Bono urged to stop war game

November 18, 2006
Issue 

Australians have joined the international campaign calling on U2's Bono — who has appealed to the world for peace and poverty reduction — to apply those same values to block the manufacture and distribution of a video game that promotes the invasion and destruction of Venezuela.

Bono is a managing director and co-founder of the private equity firm Elevation Partners, which has invested in Pandemic/Bioware Studios. Pandemic/Bioware has created a video game, Mercenaries 2: World in Flames, that simulates a mercenary invasion of Venezuela in 2007. The game promotes the invasion and destruction of Venezuela in order to check "a power hungry tyrant" who has "seized control of Venezuela and her oil supply". Mercenaries 2 promises to leave no part of Venezuela untouched.
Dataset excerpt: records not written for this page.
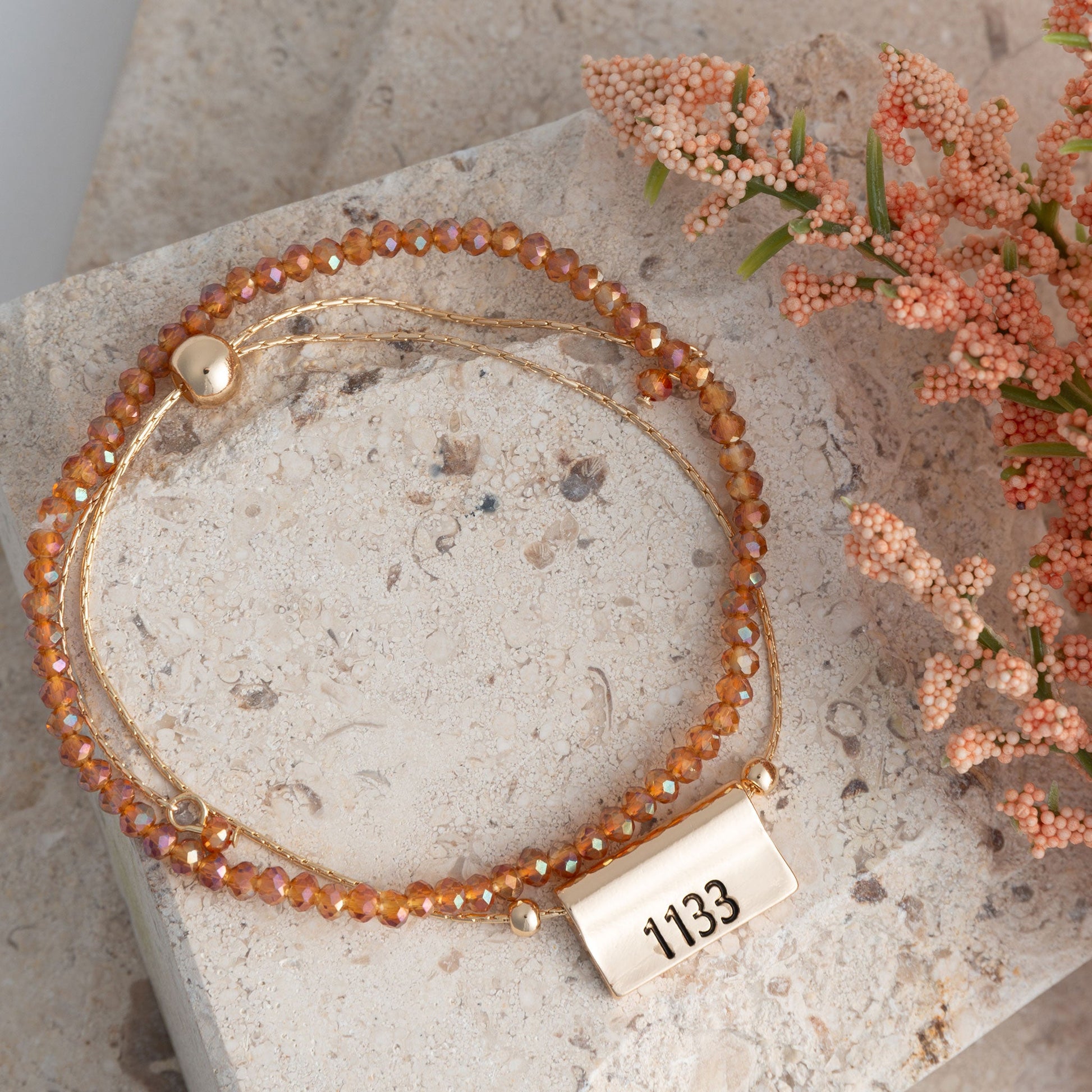 Elevate your spiritual journey with the 1133 Hope Angel Numbers Bracelet Set. Featuring two bracelets, one dainty and golden and stamped with the Angel numbers for Hope, the other a trendy apricot colored beaded band, this pair brings style and meaning to any outfit.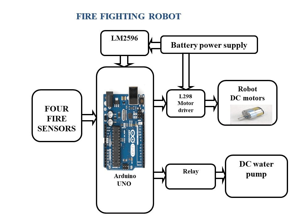 This project makes use of four fire sensors which we place the four sides of the robot to detect the fire. Water motor long with relay is uses to spray the water if the sensor detects the fire. Here relay works as a switch to ON/OFF the water motor. DC motors long with l293d motor is uses to moves the robot.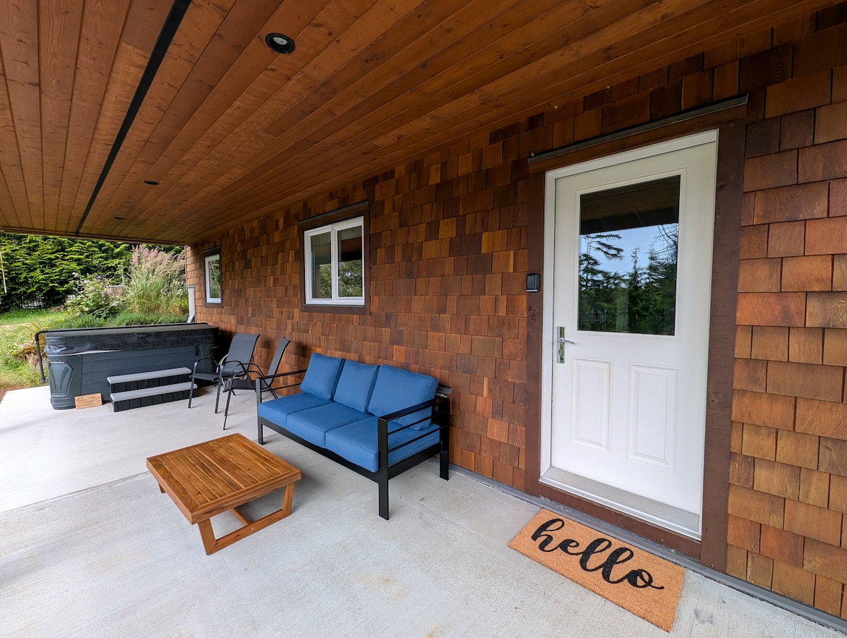 Unwind in your private hot tub, cold plunge, & patio with a campfire — ideal for storm watching, hearing the waves, and spotting wildlife like eagles, deer, & bears in the lush West Coast rainforest outside your door. This spacious, quiet, & cozy suite in a new home is pet-friendly & fully equipped — with peek-a-boo ocean views. A 10-minute walk takes you to the Wild Pacific Trail, town center, beaches, restaurants, surf shops, & the harbour (w/ sea lions!). Surf beaches are a 12–15 min drive.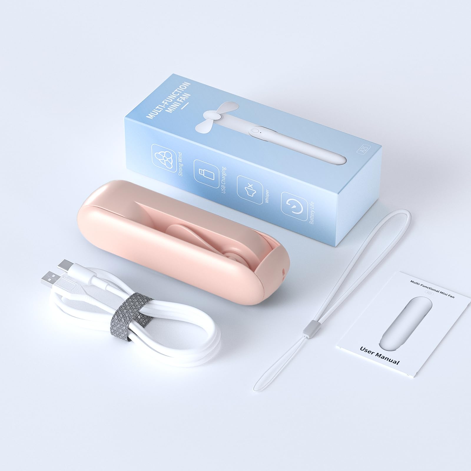 - 【Your Travel Essentials and Perfect Gift】2 IN 1 mini fan is the perfect companion for travel, events, makeup, mascara, commuting, wedding, camping, home, office, school and so on. It is also a lovely ideal summer gift for ladies, girls, men, boys, parents, friends, kids, Christmas, birthdays, all joyous occasions. PACKING LIST: Handheld fan x 1, Type-C charging cable x 1, user manual x 1.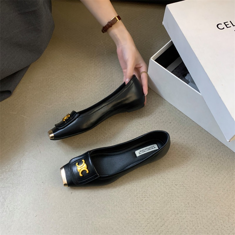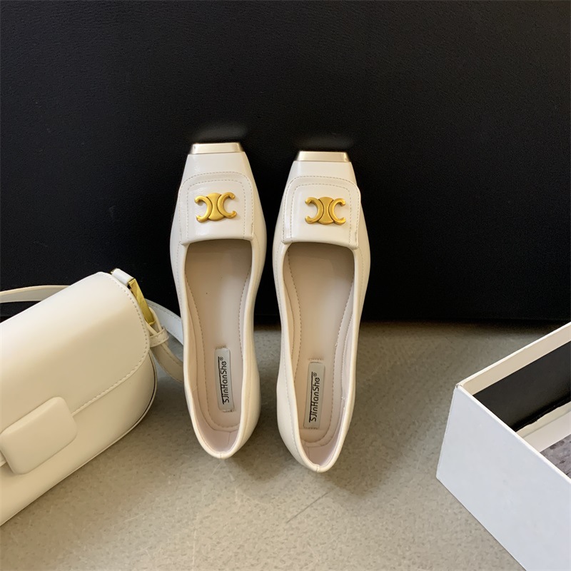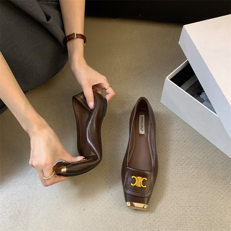 레트로 얕은 입 철발가락 통근 무당 신발 여성의 2024 봄 금속 버클 게으른 내부 높이 증가 단층 신발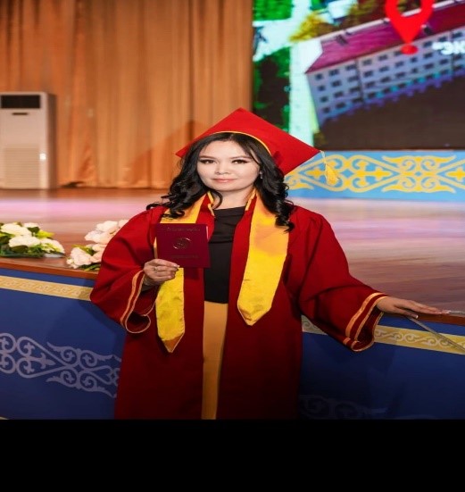 Тараз мемлекеттік педагогикалық университеті 2016-2020 жж. 6В01700 – «Қазақ тілі мен әдебиеті мұғалімдерін даярлау» білім беру бағдарламасының түлегі. Кейін М. Х. Дулати университетінде магистратурада білім алып, 2025 жылы 8D01701 «Қазақ тілі мен әдебиеті педагогтарын даярлау» білім бағдарламасы бойынша докторантураны аяқтады. Жыл студентi – 2019, Жас ғалым -2019 атақтарының иегері.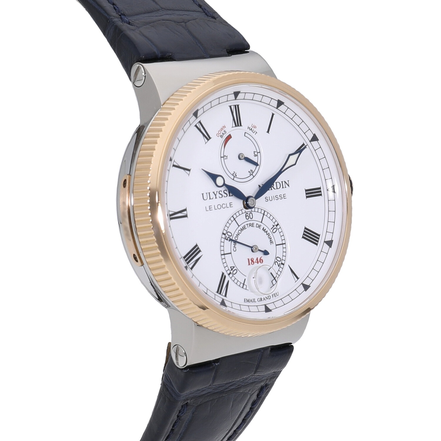 | 商品詳細 | 1846年にスイスのル・ロックルで創業された古い歴史を持つユリスナルダン。ブランドのトレードマークに錨(イカリ)を採用するほど、海洋との深いつながりを持つユリスナルダン。航海に必要なマリーンクロノメーターにインスピレーションを受けてデザインされた本モデルは1996年に誕生し、ユリスナルダンのアイコン的コレクションと言えます。6時位置の大きめのスモールセコンドにデイト表示、12時位置のパワーリザーブインジケーターなど、現在のマリーンシリーズにも継承されるデザインです。 |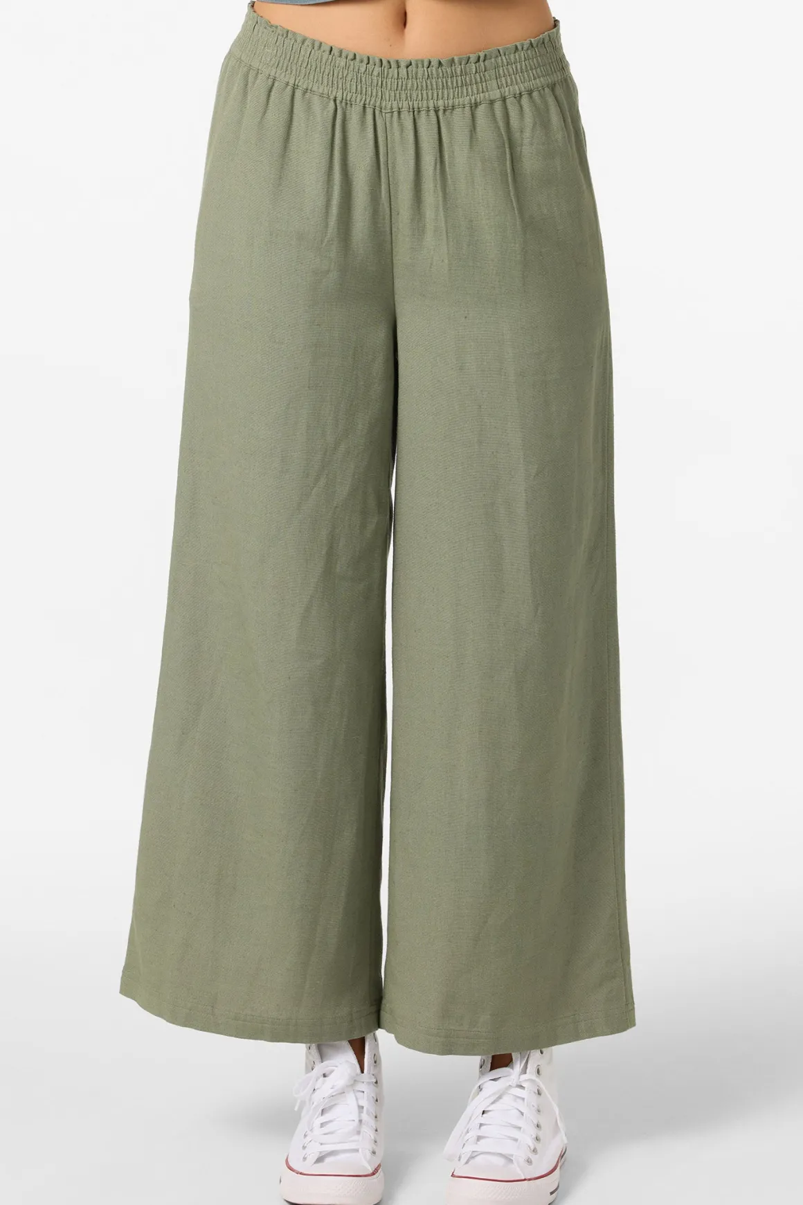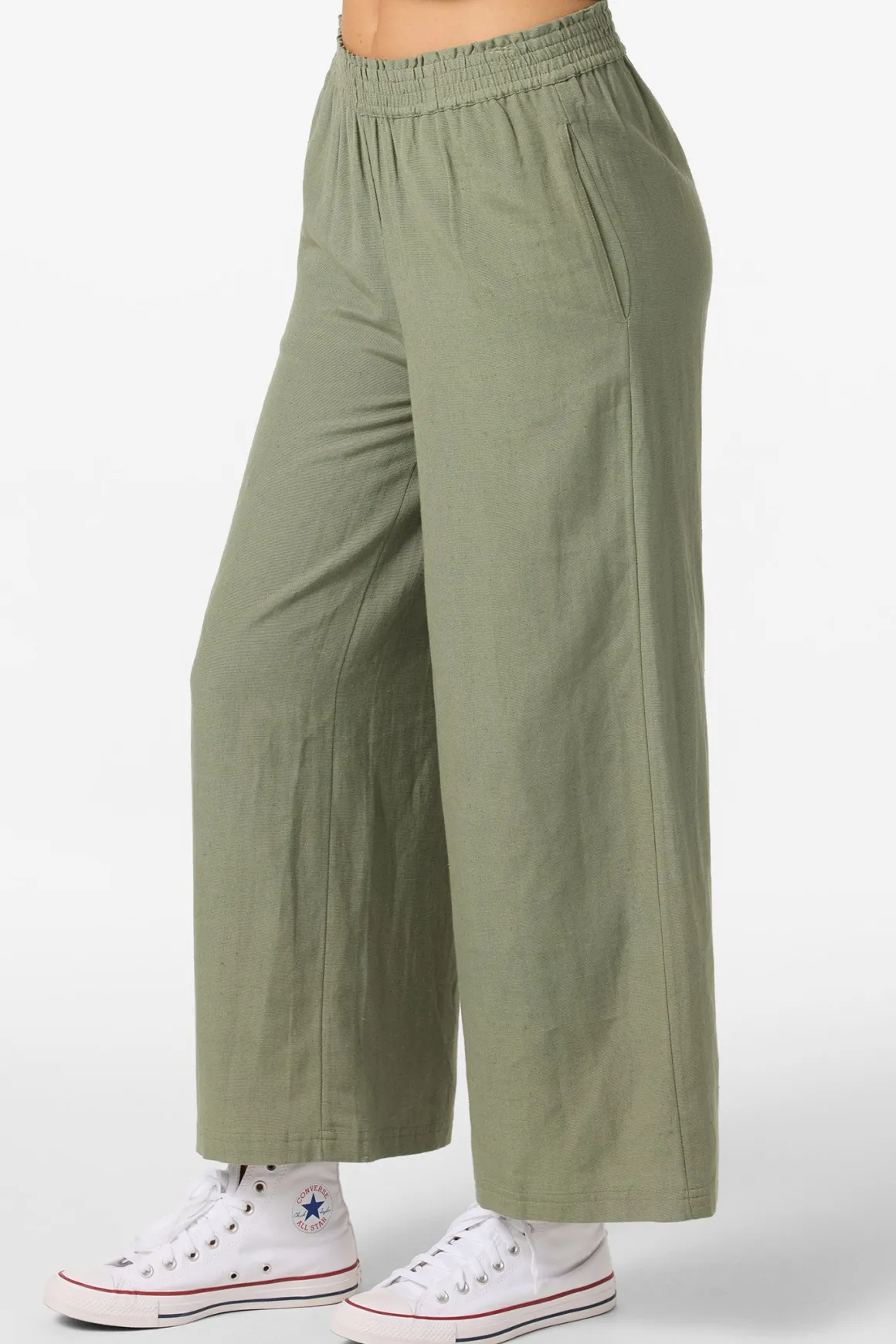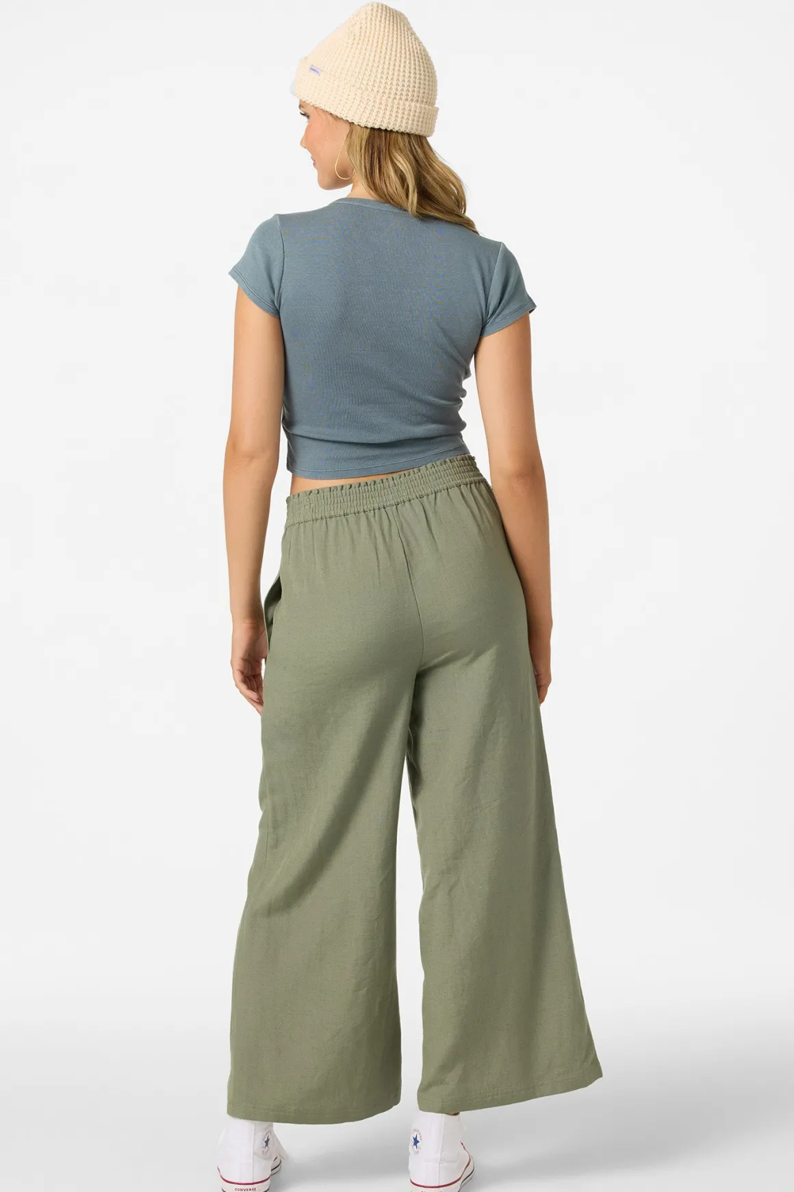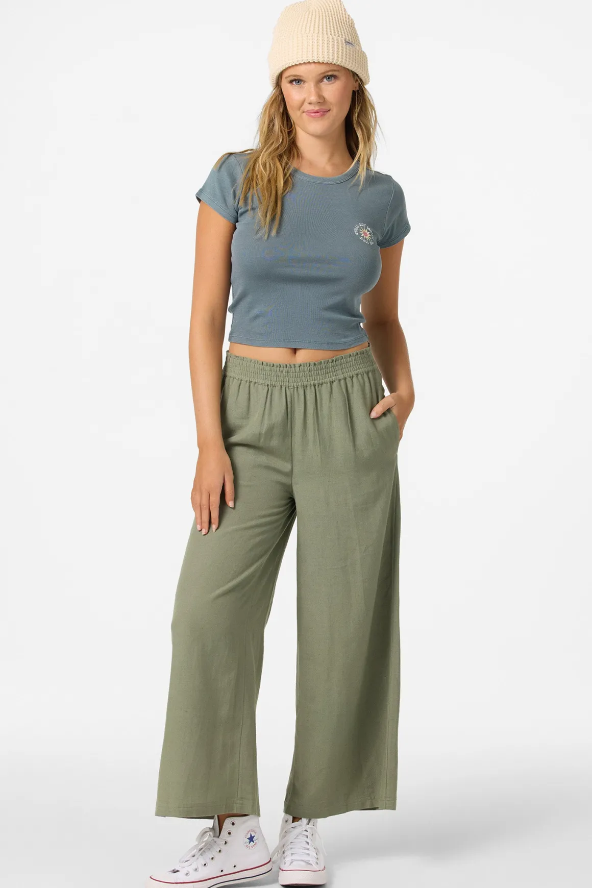 Essential woven pant that has a relaxed, flowy leg fit, solid color wash and flood length fit.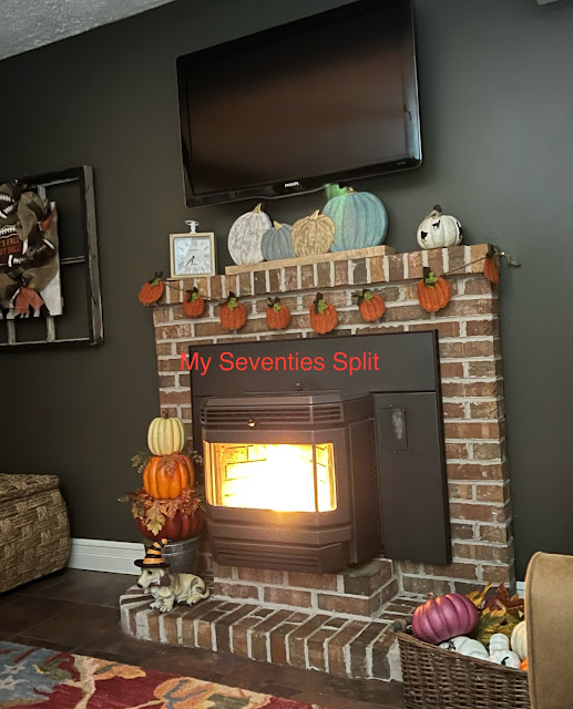 We have an abundance of potatoes and corn on the cob in the garden still...along with buttercup squash and onions. Mr. Seventies bundled up some corn stalks & set out as a display at the front door...today we have a trip planned to a local pumpkin patch with grand baby & family....then for Sunday dinner afterwards.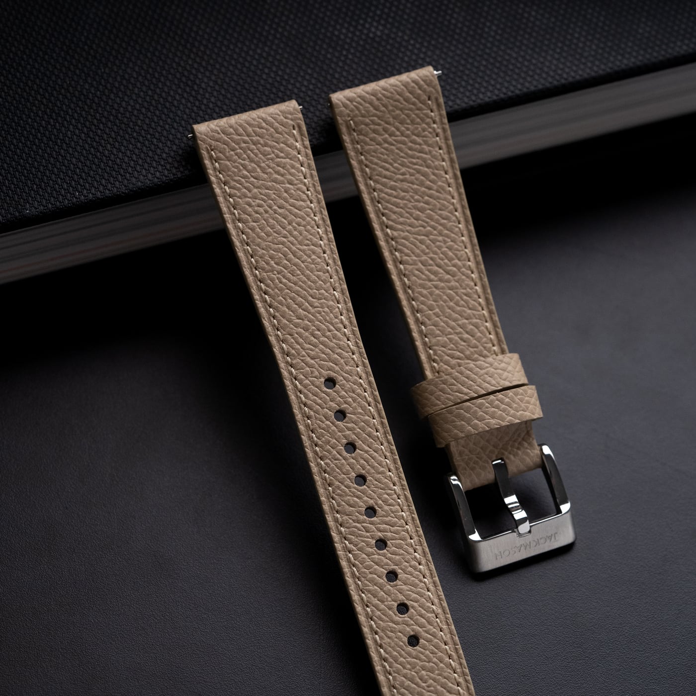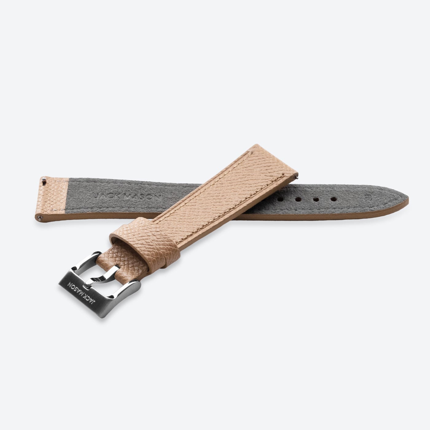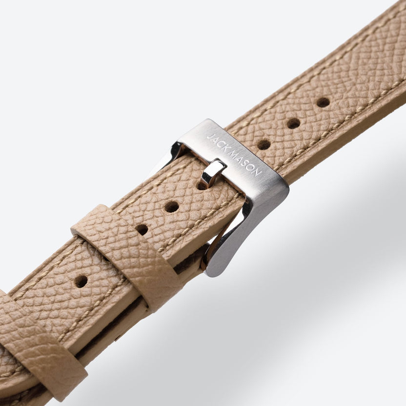 Leather straps are an excellent way in enhancing the look of your watch to match your own unique style. Utilizing Epsom leather from European tanneries ensures the quality is on par with the most high end luxury leather goods. The flat construction with a soft filler guarantees no break in period and makes it easy to wear out of the box. With considered stitch length and gauge combined with a refined heat crease along the perimeter, every detail has been thought through. Jack Mason straps feature an alcantara lining which acts as a natural moisture wicking material and feels great against the skin. The straps taper from 20mm to 16mm.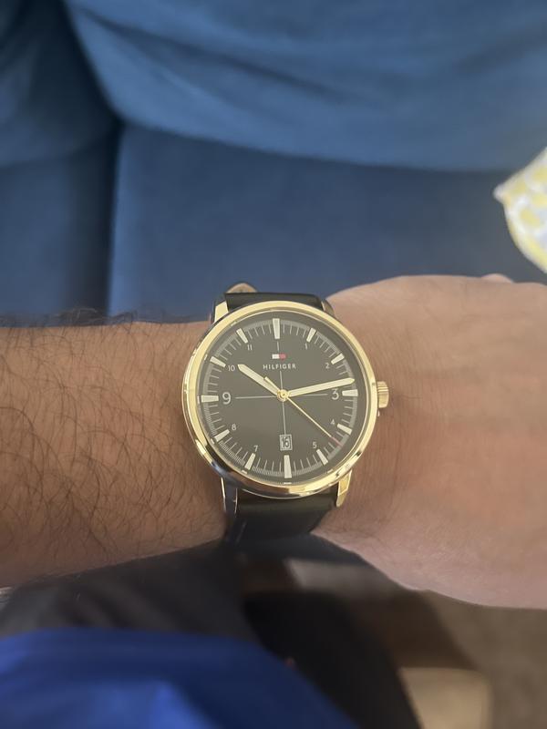 Tommy HilfigerMen's Black Leather Strap Watch 44mm

Pandemic is a subcontractor for the US Army and the CIA-funded Institute for Creative Technologies, which uses Hollywood techniques to mount war simulations in California's high desert to conduct military training.

Protest actions were held at U2 concerts around the country last week. Melbourne protest organiser Jody Betzien, from the Australia-Venezuela Solidarity Network, urged: "Here is a simple thing you can do, Bono, to help poor people. Stop investing in Pandemic/Bioware."

Ironically, U2 has written a number of songs about the brutal US-backed dictatorships that plagued Latin America in the 1980s, including "Mothers of the Disappeared" and "Bullet the Blue Sky". Betzien told Green Left Weekly: "How can Bono now support a game that promotes killing practically the only president in the world actually doing something serious about combatting poverty — President Hugo Chavez of Venezuela?"

The campaign to have Bono disassociate himself from the video game was featured in a November 13 New York Times article by Tom Zeller Jr, who wrote: "Bono reflected on his humanitarian efforts — and on the complaints — in a call this month from Brisbane, Australia, where, as it happened, a small group of international activists was planning to demonstrate at U2's concerts ... 'I have to tell you, the things that come up when you're in this band', Bono said. 'I mean, some of it of course is real and substantial — and people have genuine fears and concerns. But some of it is just barking mad'."

Bono's attempts to trivialise serious criticism of his involvement in this war game will continue to be challenged by activists, Betzien responded.